WORKING DATA:
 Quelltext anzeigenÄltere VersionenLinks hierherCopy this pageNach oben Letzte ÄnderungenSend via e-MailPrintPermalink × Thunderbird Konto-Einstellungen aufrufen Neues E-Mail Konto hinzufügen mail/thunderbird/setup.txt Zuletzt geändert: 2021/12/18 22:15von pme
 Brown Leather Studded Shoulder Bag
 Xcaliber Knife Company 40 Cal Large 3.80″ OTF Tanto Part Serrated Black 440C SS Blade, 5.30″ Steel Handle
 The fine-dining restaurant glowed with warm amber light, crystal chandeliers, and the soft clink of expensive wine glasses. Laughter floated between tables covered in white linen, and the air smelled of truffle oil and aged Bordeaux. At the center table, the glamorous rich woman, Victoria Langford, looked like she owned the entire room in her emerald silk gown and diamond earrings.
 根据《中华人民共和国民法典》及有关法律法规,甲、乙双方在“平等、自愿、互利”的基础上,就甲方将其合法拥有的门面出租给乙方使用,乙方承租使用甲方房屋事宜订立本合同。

==

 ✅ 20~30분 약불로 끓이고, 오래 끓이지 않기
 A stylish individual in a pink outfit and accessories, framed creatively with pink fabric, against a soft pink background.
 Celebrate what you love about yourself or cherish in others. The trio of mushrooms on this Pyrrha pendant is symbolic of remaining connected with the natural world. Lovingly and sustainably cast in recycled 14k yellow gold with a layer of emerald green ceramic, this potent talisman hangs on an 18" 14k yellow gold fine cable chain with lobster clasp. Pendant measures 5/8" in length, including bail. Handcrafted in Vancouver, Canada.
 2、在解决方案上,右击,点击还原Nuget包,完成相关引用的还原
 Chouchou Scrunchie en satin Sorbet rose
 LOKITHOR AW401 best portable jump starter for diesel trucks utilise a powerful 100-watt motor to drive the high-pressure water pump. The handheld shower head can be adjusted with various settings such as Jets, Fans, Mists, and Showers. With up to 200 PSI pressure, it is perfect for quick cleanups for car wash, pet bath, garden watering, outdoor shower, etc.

--

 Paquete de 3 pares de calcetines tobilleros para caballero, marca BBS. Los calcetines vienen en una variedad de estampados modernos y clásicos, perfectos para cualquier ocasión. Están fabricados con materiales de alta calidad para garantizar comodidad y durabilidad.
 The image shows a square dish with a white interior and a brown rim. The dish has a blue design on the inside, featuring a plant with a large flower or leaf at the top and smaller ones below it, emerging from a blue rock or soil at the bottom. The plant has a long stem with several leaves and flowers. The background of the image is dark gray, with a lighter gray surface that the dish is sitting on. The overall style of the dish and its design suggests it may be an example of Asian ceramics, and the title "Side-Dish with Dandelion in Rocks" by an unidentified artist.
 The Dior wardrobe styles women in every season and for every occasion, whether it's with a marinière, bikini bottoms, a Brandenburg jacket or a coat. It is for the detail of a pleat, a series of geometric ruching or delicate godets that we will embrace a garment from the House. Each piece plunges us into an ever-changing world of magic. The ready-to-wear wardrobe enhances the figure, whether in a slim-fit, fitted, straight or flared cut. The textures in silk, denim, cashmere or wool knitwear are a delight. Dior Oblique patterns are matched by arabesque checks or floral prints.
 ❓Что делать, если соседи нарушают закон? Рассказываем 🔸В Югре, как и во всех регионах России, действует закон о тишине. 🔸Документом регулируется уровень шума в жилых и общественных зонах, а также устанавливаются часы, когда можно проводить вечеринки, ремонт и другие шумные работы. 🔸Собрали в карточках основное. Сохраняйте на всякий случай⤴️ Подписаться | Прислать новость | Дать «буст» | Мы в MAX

PROBLEM DESCRIPTION:
Copy out each line of the data above, exactly, if it lies between the line holding "Brown Leather Studded Shoulder Bag" and the line holding "The fine-dining restaurant", inclusive; copy no other line.

WRITTEN REPLY:
 Brown Leather Studded Shoulder Bag
 Xcaliber Knife Company 40 Cal Large 3.80″ OTF Tanto Part Serrated Black 440C SS Blade, 5.30″ Steel Handle
 The fine-dining restaurant glowed with warm amber light, crystal chandeliers, and the soft clink of expensive wine glasses. Laughter floated between tables covered in white linen, and the air smelled of truffle oil and aged Bordeaux. At the center table, the glamorous rich woman, Victoria Langford, looked like she owned the entire room in her emerald silk gown and diamond earrings.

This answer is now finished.